Kenya has lifted a year-long freeze on the registration of savings and credit cooperatives (SACCOs) but tightened entry requirements in a bid to restore confidence in a sector shaken by governance failures.
- •New rules require prospective SACCOs to show at least KSh 1.2 million in operational capital before licensing, alongside proof of physical offices, staff, and formal management structures.
- •They must also demonstrate the ability to mobilize KSh 10 million within their first year of their operation, with such vaulted conditions to curb undercapitalized entities that rely on member deposits to cover basic administrative costs.
- •The resumption follows a suspension imposed in May last year after a string of operational and governance problems at several high-profile cooperatives exposed regulatory gaps.
“We want SACCOs that can sustain themselves and protect members’ savings. Every SACCO must also have a physical office, staff, and proper operational structures,” said the Commissioner for Co-operative Development, David Obonyo.
State authorities utilized the pause period to review the existing legal framework governing the sector, culminating in stricter thresholds designed to filter out weak entrants.
The overhaul comes as regulators confront a system that is large but unevenly compliant. Of roughly 14,000 registered SACCOs, only about 4,000 consistently file annual returns, raising concerns about transparency, solvency, and oversight.
Corporate Governance
In parallel, the government is pushing structural changes to governance. SACCOs with more than 5,000 members will be required to adopt a delegate system for annual general meetings, replacing mass gatherings that have proven unwieldy and ineffective for decision-making at scale.
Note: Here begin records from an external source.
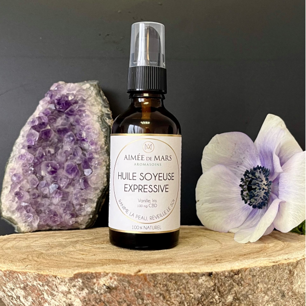 Huile soyeuse Expressive au CBD et huiles bio, offre une texture douce et légère pour accompagner les soins du visage et du corps.
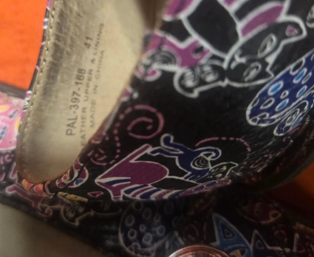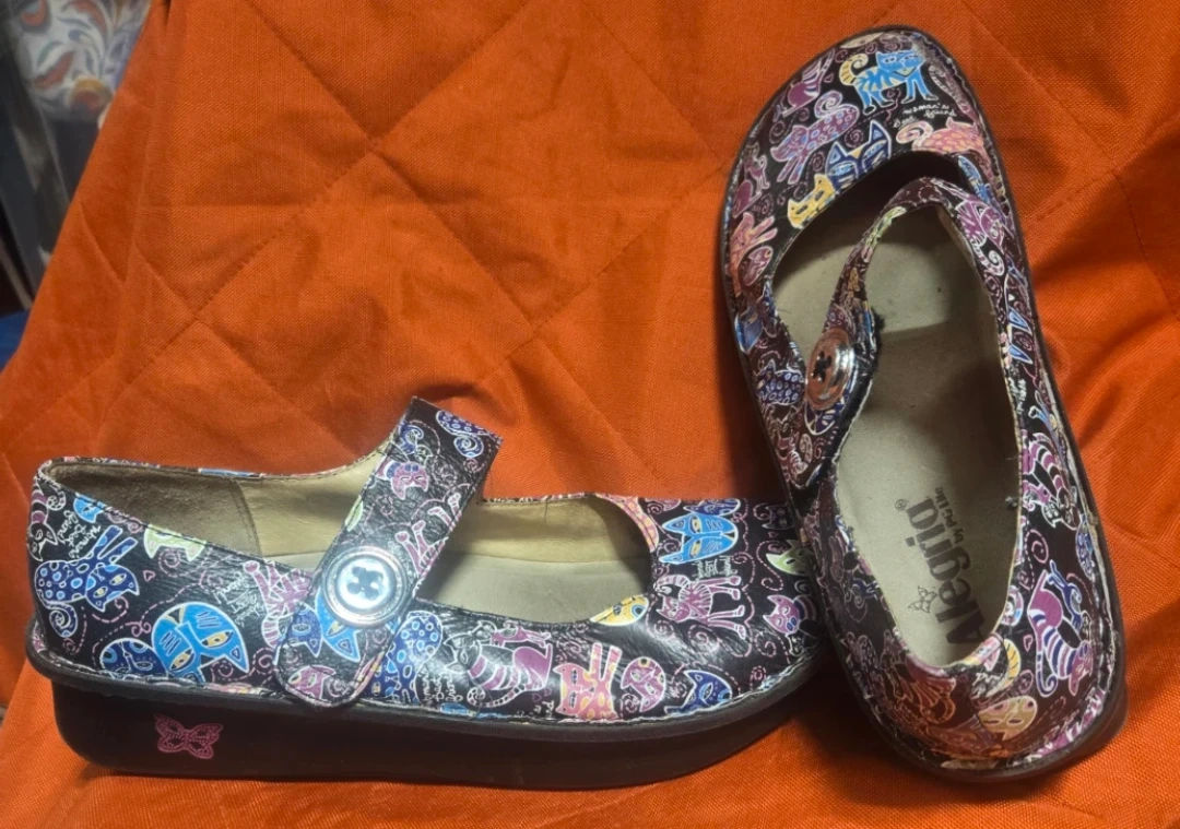 Alegria women's Mary Jane shoes with a fun, colourful print. These shoes are designed for comfort and support. Leather upper and lining. Made in China.
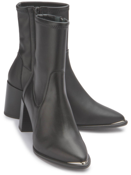 Diese Bariello Stiefelette aus hochwertigem Nappaleder in klassischem Schwarz kombiniert elegantes Design mit höchstem Tragekomfort. Das weiche Lederinnenfutter sorgt für ein angenehmes Tragegefühl, während der Blockabsatz Stabilität und eine feminine Silhouette verleiht. Ein seitlicher Reißverschluss ermöglicht ein unkompliziertes An- und Ausziehen. Ein vielseitiger Begleiter, der sich perfekt für stilvolle Auftritte eignet.
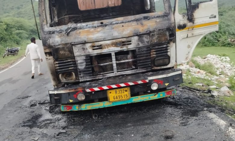 राजगढ़ अलवर टहला सड़क मार्ग पर टहला के घाट में चलते हुए ट्रक में आग लग गई। जिससे ट्रक जलकर राख हो गया।
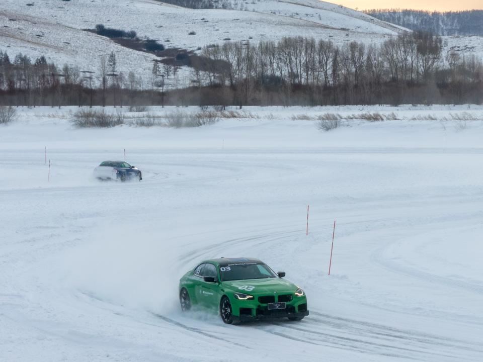 在内蒙古呼伦贝尔市牙克石市一处汽车测试基地,车手在冰面上驾驶车辆

Legislative reforms remain in flux, with a new Co-operative Bill still under mediation between the National Assembly and the Senate over unresolved issues including term limits for officials. Authorities are aiming to finalize the process before the sector marks International Co-operative Day in early July.
The changes target a sector that underpins a significant share of Kenya’s financial ecosystem. Cooperatives serve tens of millions of members, channeling savings into credit for small businesses, housing, and agriculture. But their reach has also made them vulnerable to mismanagement, political interference, and weak internal controls.
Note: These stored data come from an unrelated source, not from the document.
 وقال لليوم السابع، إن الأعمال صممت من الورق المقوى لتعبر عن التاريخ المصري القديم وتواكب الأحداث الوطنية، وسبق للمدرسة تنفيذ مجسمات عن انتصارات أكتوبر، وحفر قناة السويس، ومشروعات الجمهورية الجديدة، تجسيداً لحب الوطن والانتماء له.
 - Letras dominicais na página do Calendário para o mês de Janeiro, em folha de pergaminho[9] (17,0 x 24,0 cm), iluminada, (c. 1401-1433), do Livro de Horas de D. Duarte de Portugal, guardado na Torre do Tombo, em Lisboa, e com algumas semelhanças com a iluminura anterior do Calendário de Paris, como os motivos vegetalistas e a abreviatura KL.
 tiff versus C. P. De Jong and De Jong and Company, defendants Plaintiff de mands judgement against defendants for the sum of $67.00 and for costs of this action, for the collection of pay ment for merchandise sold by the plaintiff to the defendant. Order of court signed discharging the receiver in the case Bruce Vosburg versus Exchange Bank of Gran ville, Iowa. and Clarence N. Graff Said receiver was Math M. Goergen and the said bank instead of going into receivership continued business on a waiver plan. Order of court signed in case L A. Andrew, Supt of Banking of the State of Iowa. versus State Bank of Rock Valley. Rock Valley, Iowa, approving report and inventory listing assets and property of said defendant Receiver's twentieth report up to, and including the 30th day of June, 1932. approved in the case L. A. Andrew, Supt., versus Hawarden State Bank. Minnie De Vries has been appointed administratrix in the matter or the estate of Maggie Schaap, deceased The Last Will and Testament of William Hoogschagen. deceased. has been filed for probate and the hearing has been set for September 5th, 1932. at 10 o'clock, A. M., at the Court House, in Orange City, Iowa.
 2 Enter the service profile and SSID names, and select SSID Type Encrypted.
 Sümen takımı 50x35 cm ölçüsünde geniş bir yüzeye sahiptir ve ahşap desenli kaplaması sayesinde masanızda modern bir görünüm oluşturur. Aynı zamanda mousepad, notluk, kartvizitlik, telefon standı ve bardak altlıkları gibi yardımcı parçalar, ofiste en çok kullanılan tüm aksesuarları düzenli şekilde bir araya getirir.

While SACCO deposits rose to KSh 749.4 billion across 16 million accounts in 2024, the funding base is highly concentrated, with roughly KSh 566 billion (more than three-quarters of total deposits) held in just over 4% of accounts.
Officials are betting that higher entry barriers and tighter governance will consolidate the industry, potentially forcing smaller or struggling SACCOs to merge or exit. The result, if the enforcement holds, would be fewer but more stable institutions in a system long defined by its breadth rather than its resilience.